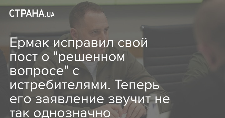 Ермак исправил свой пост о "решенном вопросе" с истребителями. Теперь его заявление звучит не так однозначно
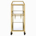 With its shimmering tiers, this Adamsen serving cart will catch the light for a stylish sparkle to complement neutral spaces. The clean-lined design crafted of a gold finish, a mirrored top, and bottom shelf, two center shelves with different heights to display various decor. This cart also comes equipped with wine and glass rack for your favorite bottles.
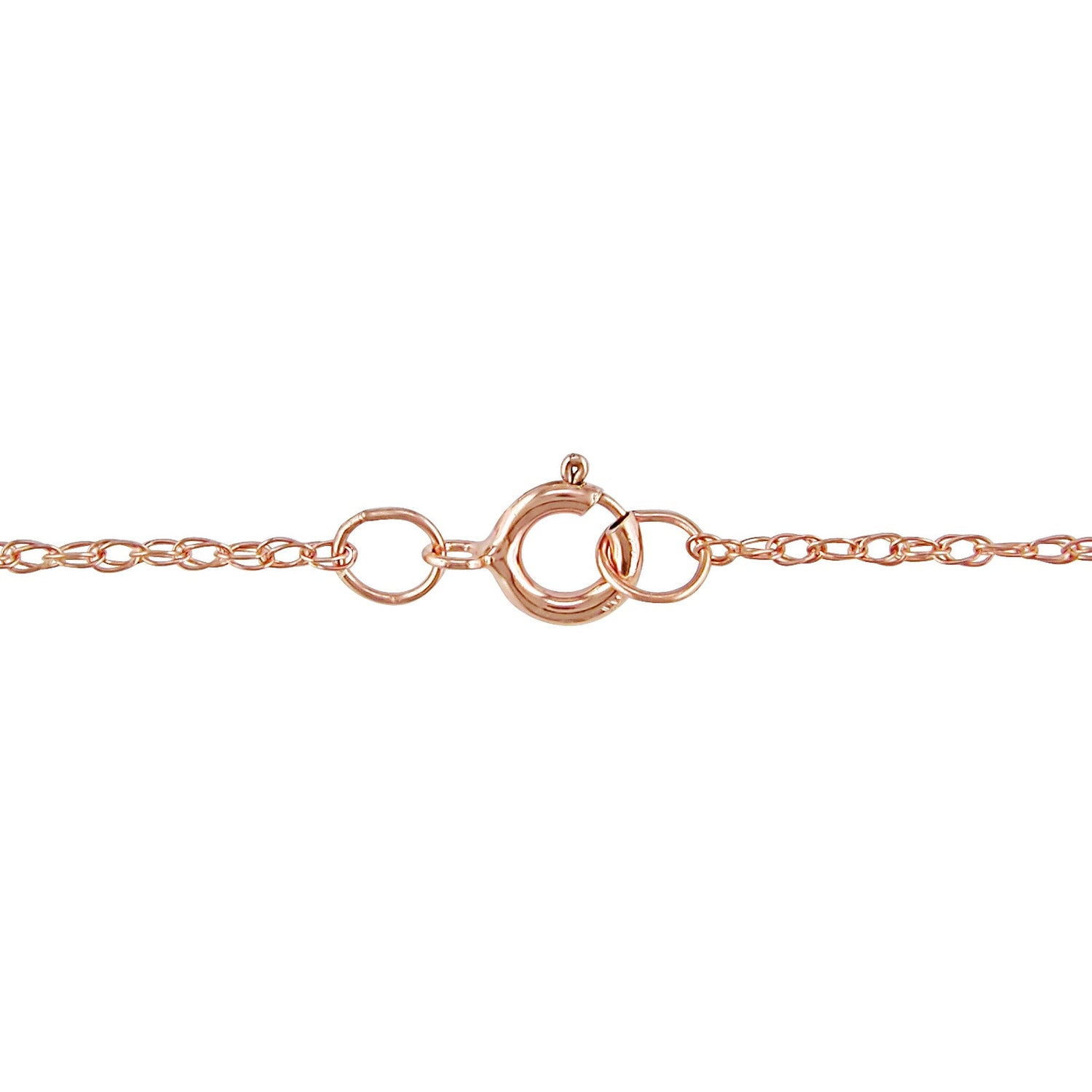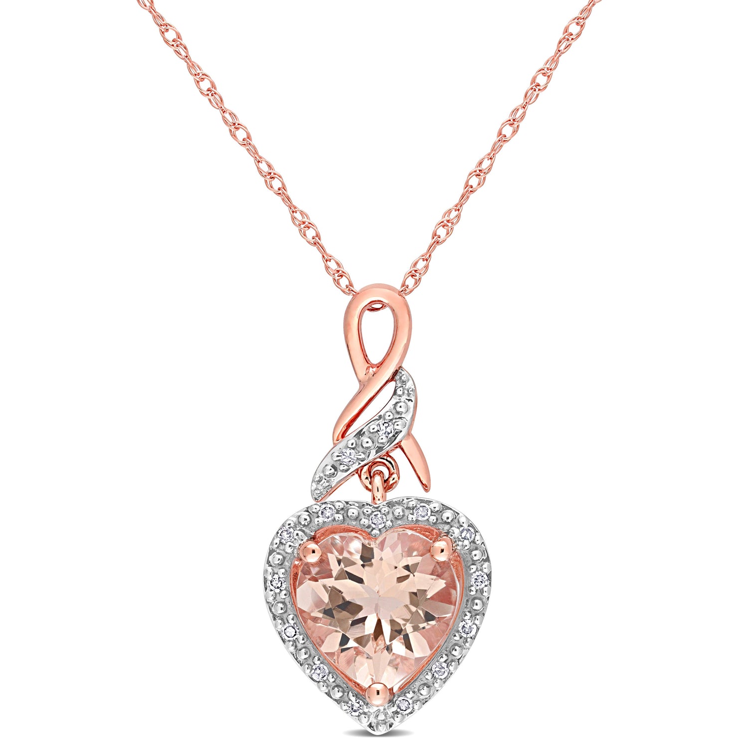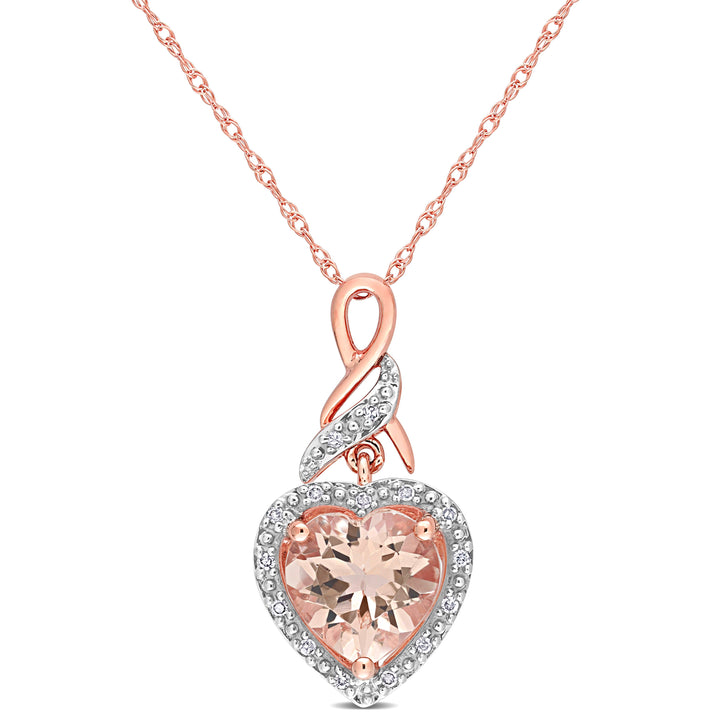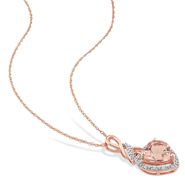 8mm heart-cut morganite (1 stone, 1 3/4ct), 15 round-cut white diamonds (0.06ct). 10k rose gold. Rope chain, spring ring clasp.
───
#### [Aim of the task]
The lines to repeat run from the line containing "With its shimmering" through the last line of the material above; give them exactly, without the pictures.

#### [Output of the exercise]
 With its shimmering tiers, this Adamsen serving cart will catch the light for a stylish sparkle to complement neutral spaces. The clean-lined design crafted of a gold finish, a mirrored top, and bottom shelf, two center shelves with different heights to display various decor. This cart also comes equipped with wine and glass rack for your favorite bottles.
 8mm heart-cut morganite (1 stone, 1 3/4ct), 15 round-cut white diamonds (0.06ct). 10k rose gold. Rope chain, spring ring clasp.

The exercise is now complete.